Incremental progress is critical

We originally set out to create a tool NASA JPL would actually use rather than a speculative design piece. We felt this would be more inline with what the client (NASA) was expecting, easier for our participants to see the value in, and more rewarding from a personal perspective. While we went in expecting to create an entirely new tool, what we actually created was a template for incremental progress that the NASA team could use for further design explorations. There is currently no tool that takes weather into account for rover activities, but thanks to us NASA has a point of reference and base research to begin looking at solutions outside of just atmospheric opacity.
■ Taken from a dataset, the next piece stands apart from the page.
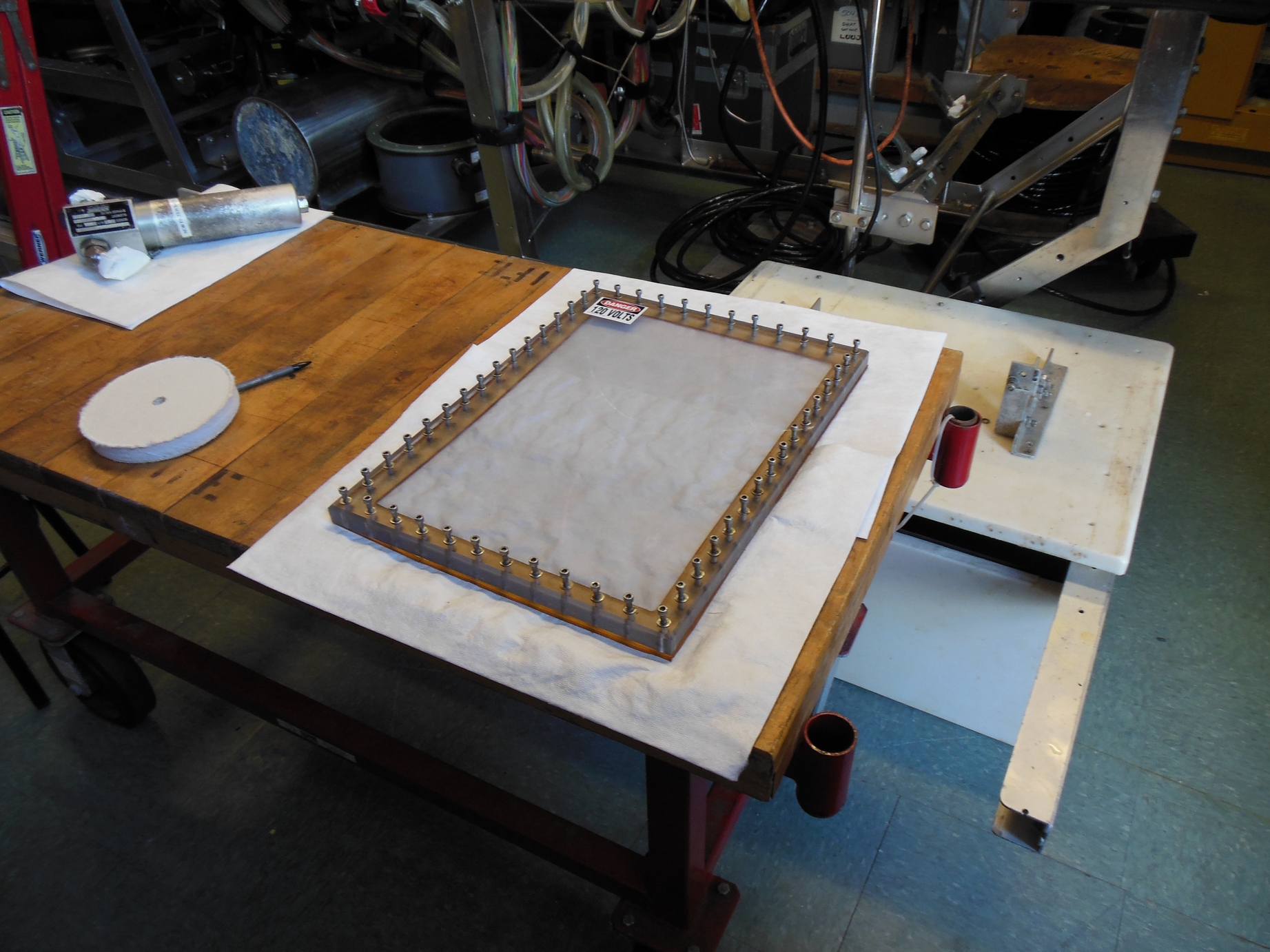 This plate has been removed for servicing of the electronics that it covers. The cavity below it would be filled with oil when in use.

This design could be utilized to forecast effects of other weather conditions on instruments like pressure, humidity, or wind.

Narrow your problem space

As a result of clearly defining our problem early on, we were focused and better able to coordinate our efforts. As we continued into the design process, we realized that by finding and defining our space early, we were able to concentrate on solving a specific problem rather than spend more time ideating on a broader range of problem spaces, which would have consumed our already limited time. This also allowed us to explore multiple ways of solving the same problem, which became a boon when we realized that some approaches weren’t feasible. Rather than go back to the drawing board, we were able to substitute solutions we’d already presented and discussed. I’m convinced that being ruthless with our problem definition was one of my teams best decisions.

Know your audience and speak in their language

One thing that our team did effectively stepping into the project was preparing ourselves with technical knowledge and learning the lingo at NASA. This helped us build rapport with scientists quickly during the research phase, leading to more productive conversations. This was even more apparent when we began getting peer feedback from within our cohort; when we spoke with our peers about our project there had to be a time allowance for education on Martian meteorology. If we had asked our NASA participants to do this for us, we would have wasted valuable time and the quality of our interactions would have suffered.

What I'd Change

Avoid remote testing early prototypes

Given the constraints of the project, we had very few NASA team members in the Seattle area to test with in-person. This meant that we had to move toward digital prototypes more quickly than I’d have liked. This limited our ability to test interactions in a low-commitment environment, which meant there was a greater threshold for implementing changes to the digital prototype. In-person testing also facilitates more context to the feedback you’re receiving because you are able to interact with the participant more. If I could, I would test early-stage prototypes earlier and with more people so that we could iterate more quickly on our early prototype and solve those problems faster.